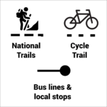 Enjoy our new interactive map. On it, you will find the location of the various geosites highlighted here, the places to stay and places to eat from our listings, the location of the local bus stops (more info here and on transport for Ireland for the schedules) and the locations of the various activities with more information here.
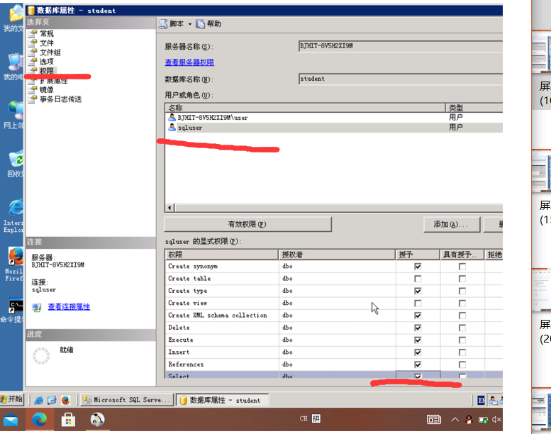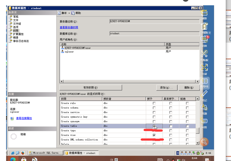 启动SQL Server Management Studio,展开实例数据库,右击student数据库,在弹出的快捷菜单中选择“属性”,然后选择“权限”选项卡。在用户WinUser一栏中,将“创建表”和“创建视图”选中.
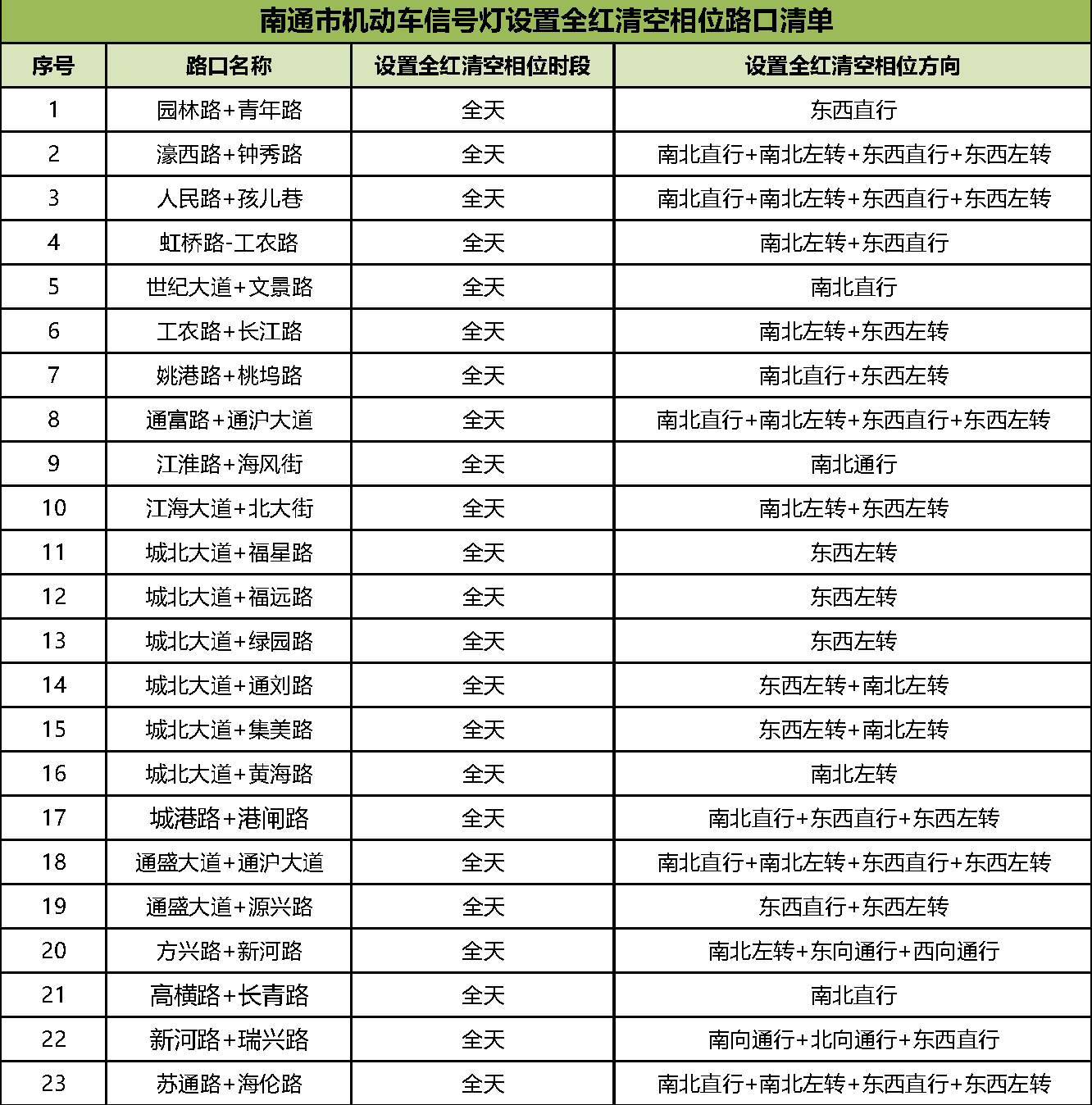 南通网讯 路口各个方向全部亮起红灯,这不是信号灯故障,而是有意设置。昨天,记者从市公安局交警支队获悉,目前,市区共有23个路口设置了“全红信号”,避免即将离开路口的车流与即将进入路口的车流发生冲突,从而保证出行安全。

--*--

▸ TASK PROMPT
Would you copy each line above exactly as given, dropping any images?

▸ SOLUTION TO THIS PROBLEM
 Enjoy our new interactive map. On it, you will find the location of the various geosites highlighted here, the places to stay and places to eat from our listings, the location of the local bus stops (more info here and on transport for Ireland for the schedules) and the locations of the various activities with more information here.
 启动SQL Server Management Studio,展开实例数据库,右击student数据库,在弹出的快捷菜单中选择“属性”,然后选择“权限”选项卡。在用户WinUser一栏中,将“创建表”和“创建视图”选中.
 南通网讯 路口各个方向全部亮起红灯,这不是信号灯故障,而是有意设置。昨天,记者从市公安局交警支队获悉,目前,市区共有23个路口设置了“全红信号”,避免即将离开路口的车流与即将进入路口的车流发生冲突,从而保证出行安全。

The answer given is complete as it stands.